John would like to send 8 different pictures to his girlfriend in 5 equal envelopes. In how many many ways can he send them given that each envelope must have at least one picture?
The solution I came with comes from the rationale that the 8 pictures can be sent into three major different ways:
1. Four pictures in one envelope and one picture in each of the remainder (4 + 1 + 1 + 1 + 1)
- In this case, we would have ${8}\choose{4}$.
2. Three pictures in one envelope, two pictures in another and one picture each of the remainder (3 + 2 + 1 + 1 + 1)

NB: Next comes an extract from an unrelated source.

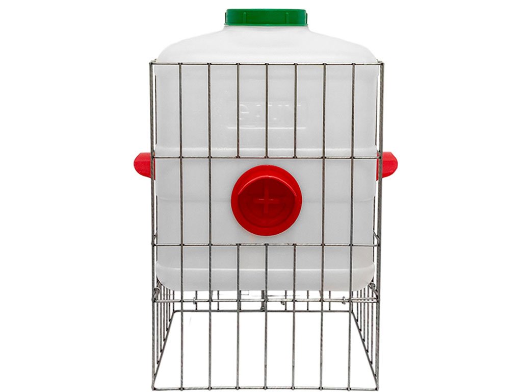 Barelové krmítko, pro slepice a drůbež, s 20 l zásobníkem, 3 krmící otvory, s ochrannou mřížkou barelu, možnost zavěšení, rozměry 350x280x470 mm.

- In this case, we would have ${8}\choose{3}$ $\times$ ${5}\choose{2}$.
3. Two pictures in three of the envelopes and one picture in each of the remainder (2 + 2 + 2 + 1 + 1)
- In this case, we would have ${8}\choose{2}$ $\times$ ${6}\choose{2}$ $\times$ ${4}\choose{2}$.
Overall, we would have ${8}\choose{4}$ $+$ ${8}\choose{3}$ $\times$ ${5}\choose{2}$ $+$ ${8}\choose{2}$ $\times$ ${6}\choose{2}$ $\times$ ${4}\choose{2}$ $= 3150$
However, the answer seems to be $1050$. How come? What is wrong in this rationale?
Can you please help? Thank you very much. All the best.
If you wish to avoid a "division by symmetry" argument like the one that @Joffan uses in his answer, you may instead count the number of outcomes in case 3 in the following way:
Temporarily assume that the pictures have a particular order (e.g. when they were taken).
First, pick what six pictures are used for the envelopes that receive two pictures each. This can be done in $\binom{8}{6}$ ways.
Next, take the "smallest" (as per the order we discussed earlier, e.g. newest) picture and pick which of the remaining five of the designated pictures will be placed in the same envelope as it. Then, take the smallest of those remaining and pick what picture goes with that. Finally, the remaining two pictures will go into their own envelope together.
This gives a total of $\binom{8}{6}\cdot 5\cdot 3$ outcomes in this case (which happens to agree with Joffan's answer of $\binom{8}{2}\cdot\binom{6}{2}\cdot\binom{4}{2}\cdot \frac{1}{6}$)